GPW/GAPW grid: use MPI only for grids large enough that slab collocation/projection dominates the replicated FFT.

Every MPI run should log:

world size and host names if available,
threads per rank,
decomposition mode,
local task counts per rank,
allreduce/gather timing totals,
a recommendation if MPI overhead exceeds the saved compute time.

Validation Gates¶

Each MPI phase needs these gates before becoming user-facing:

mpi4py absent: import and normal tests still pass.
mpirun -np 1: bitwise or near-bitwise identity to serial.
mpirun -np 2 and -np 3: parity against serial within existing method tolerances, including uneven task partitions.
Rank-local output discipline: only rank 0 writes user files.
Oversubscription guard: OMP_NUM_THREADS, BLAS thread variables, and VIBEQC_THREADS_PER_RANK are reported and respected.
Performance smoke: one Ethernet-like test where MPI is not selected for a too-small workload, and one larger workload where MPI improves wall time.
Restart/manifest: output records MPI mode so a calculation can be audited after the fact.

Roadmap Placement¶

The v0.12.0 work should be described as “MPI substrate plus experimental GPW z-slab overlay”, not as production MPI for HF/DFT/MP2. Production MPI belongs after the v0.15.x release-paper hardening line and before a feature-complete v1.0 claim.

Recommended roadmap slot:

v0.20.0, production MPI and large-system scaling.
Dependencies: v0.16.0 periodic correlation for k/q post-SCF workloads, v0.17.0 periodic CC for periodic tuple batching, and the v0.15.x hardening fixes for GPW/GDF/BIPOLE correctness.
ScaLAPACK or another distributed dense eigensolver is not a phase-1 requirement.

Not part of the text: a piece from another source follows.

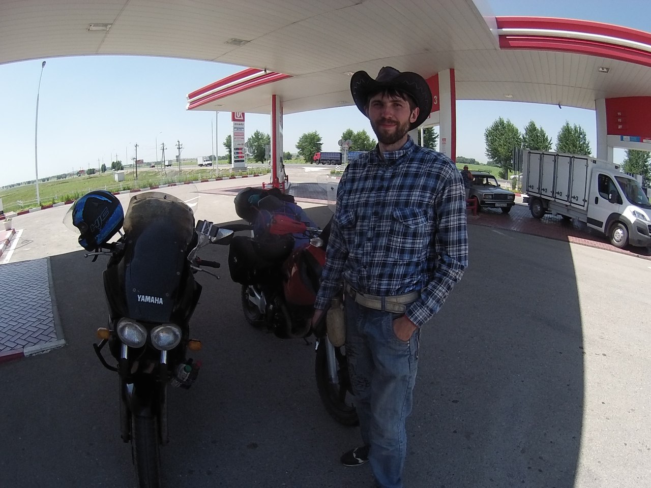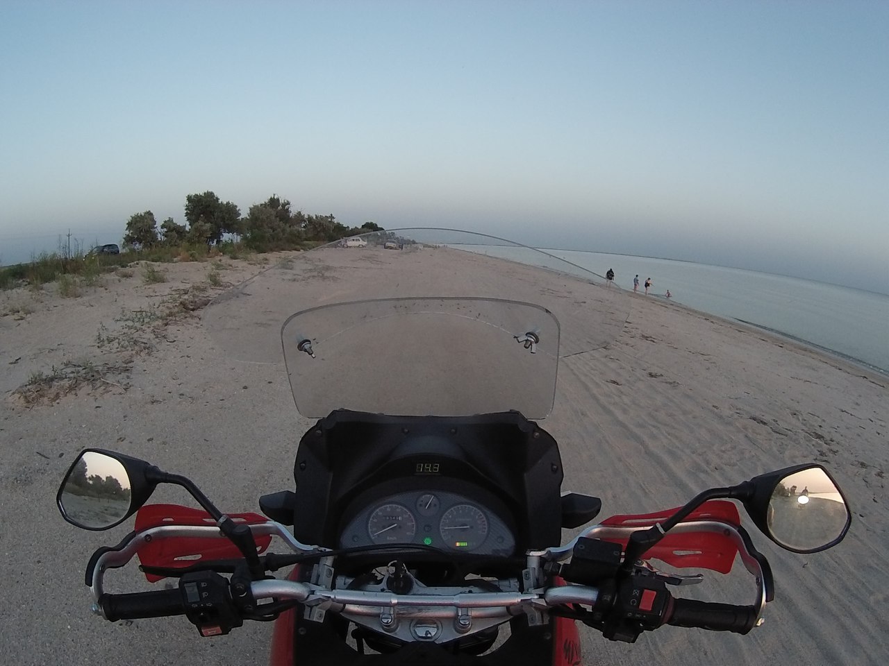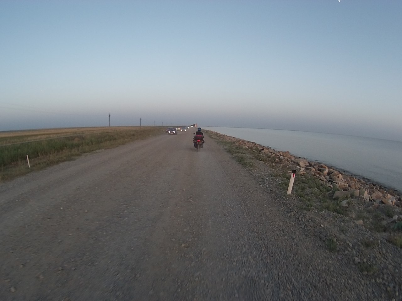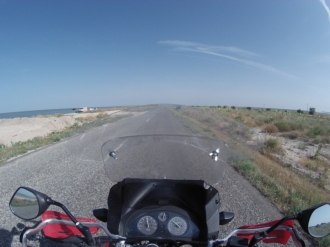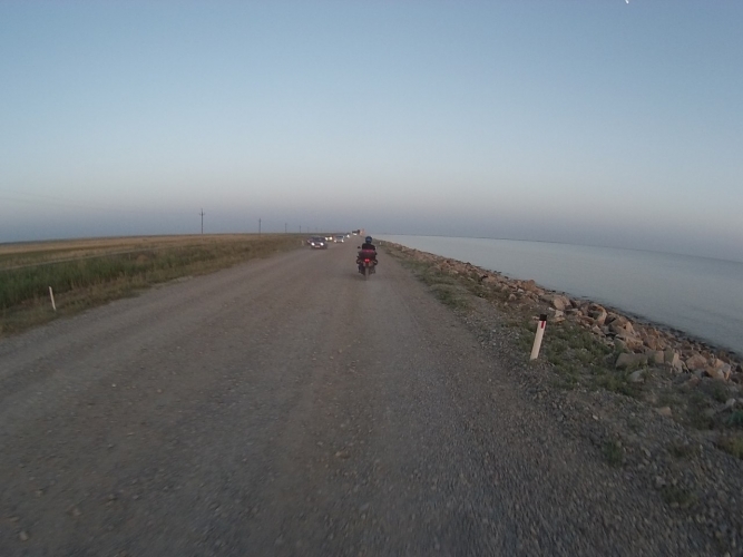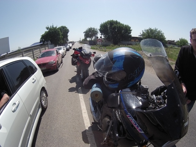 Встаем в самом начале очереди, лихо объехав более чем километровую пробку. Минут 10 стоим, пропуская поезда, а потом снова мчим дальше, переодически останавливаясь что бы одеть рубашку с рукавами (так как сгоревшая кожа ужасно болит) или снять её (тк невероятно жарко).

It stays a later option if replicated dense matrices become the actual memory wall.

Immediate Next Steps¶

Correct public feature docs to say the current MPI surface is a substrate plus experimental GPW overlay.
Add handovers/HANDOVER_MPI.md as the workstream tracker.
Add a real multi-rank smoke test for vibeqc.mpi and GpwJBuilder(mpi_aware=True).
Implement KPointPartition and rank-aware ordered gather helpers.
Wire the first production periodic k-point farming path, starting with the lowest-risk pure DFT multi-k driver.
Benchmark on two hardware profiles: Ethernet multi-node and low-latency interconnect.
Only after that, pick the first molecular MPI target: MP2 occupied-pair farming or DLPNO pair farming.